◆ What you need to do
Starting at the line with "Dicari segera staff", return every line through the final one of the data, word for word. Pictures stay out.

◆ Provided material
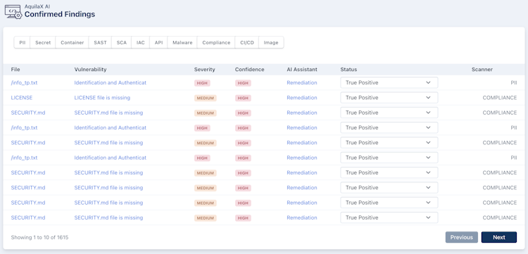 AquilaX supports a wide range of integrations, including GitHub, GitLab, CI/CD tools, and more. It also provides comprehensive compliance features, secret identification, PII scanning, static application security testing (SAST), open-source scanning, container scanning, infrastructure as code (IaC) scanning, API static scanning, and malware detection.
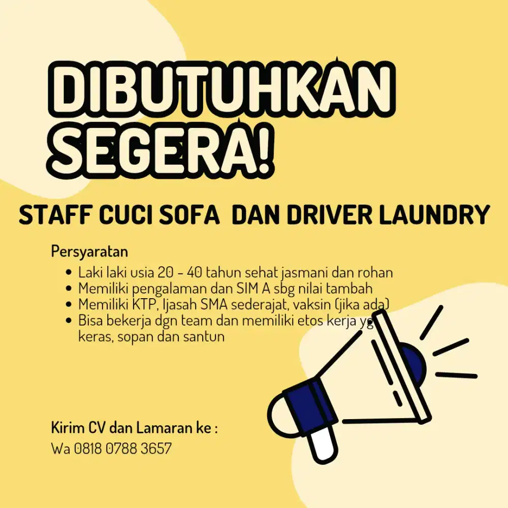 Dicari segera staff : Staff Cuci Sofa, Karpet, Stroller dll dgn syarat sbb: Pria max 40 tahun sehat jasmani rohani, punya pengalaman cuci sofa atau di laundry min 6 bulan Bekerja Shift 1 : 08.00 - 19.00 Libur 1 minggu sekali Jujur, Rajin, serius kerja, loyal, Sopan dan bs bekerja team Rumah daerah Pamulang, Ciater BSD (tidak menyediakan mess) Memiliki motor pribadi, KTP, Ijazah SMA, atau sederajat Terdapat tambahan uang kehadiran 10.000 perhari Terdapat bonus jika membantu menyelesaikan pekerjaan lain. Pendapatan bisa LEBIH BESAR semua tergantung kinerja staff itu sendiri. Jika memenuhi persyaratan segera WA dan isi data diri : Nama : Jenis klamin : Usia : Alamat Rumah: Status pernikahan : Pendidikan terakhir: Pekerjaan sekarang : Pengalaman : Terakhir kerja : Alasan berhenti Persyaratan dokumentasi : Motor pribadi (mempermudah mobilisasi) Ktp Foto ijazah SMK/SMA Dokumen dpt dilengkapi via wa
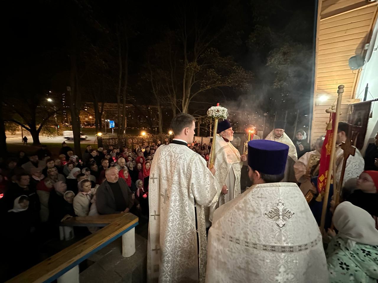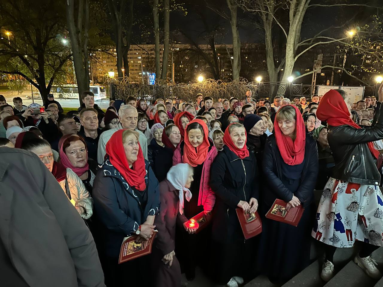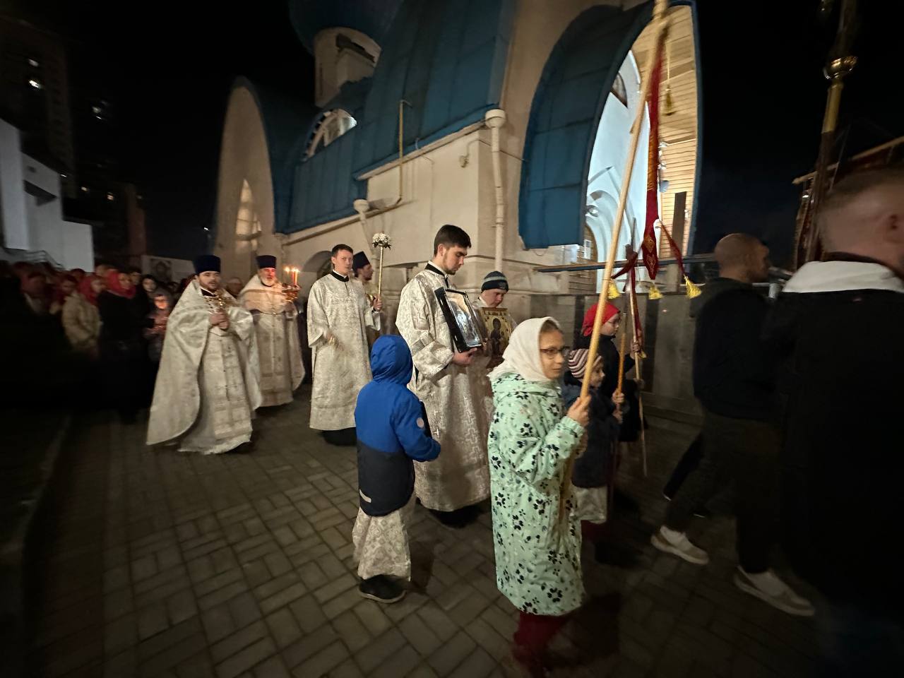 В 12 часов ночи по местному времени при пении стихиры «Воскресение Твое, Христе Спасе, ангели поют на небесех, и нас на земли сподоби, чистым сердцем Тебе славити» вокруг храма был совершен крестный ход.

◆ Solved exercise
 Dicari segera staff : Staff Cuci Sofa, Karpet, Stroller dll dgn syarat sbb: Pria max 40 tahun sehat jasmani rohani, punya pengalaman cuci sofa atau di laundry min 6 bulan Bekerja Shift 1 : 08.00 - 19.00 Libur 1 minggu sekali Jujur, Rajin, serius kerja, loyal, Sopan dan bs bekerja team Rumah daerah Pamulang, Ciater BSD (tidak menyediakan mess) Memiliki motor pribadi, KTP, Ijazah SMA, atau sederajat Terdapat tambahan uang kehadiran 10.000 perhari Terdapat bonus jika membantu menyelesaikan pekerjaan lain. Pendapatan bisa LEBIH BESAR semua tergantung kinerja staff itu sendiri. Jika memenuhi persyaratan segera WA dan isi data diri : Nama : Jenis klamin : Usia : Alamat Rumah: Status pernikahan : Pendidikan terakhir: Pekerjaan sekarang : Pengalaman : Terakhir kerja : Alasan berhenti Persyaratan dokumentasi : Motor pribadi (mempermudah mobilisasi) Ktp Foto ijazah SMK/SMA Dokumen dpt dilengkapi via wa
 В 12 часов ночи по местному времени при пении стихиры «Воскресение Твое, Христе Спасе, ангели поют на небесех, и нас на земли сподоби, чистым сердцем Тебе славити» вокруг храма был совершен крестный ход.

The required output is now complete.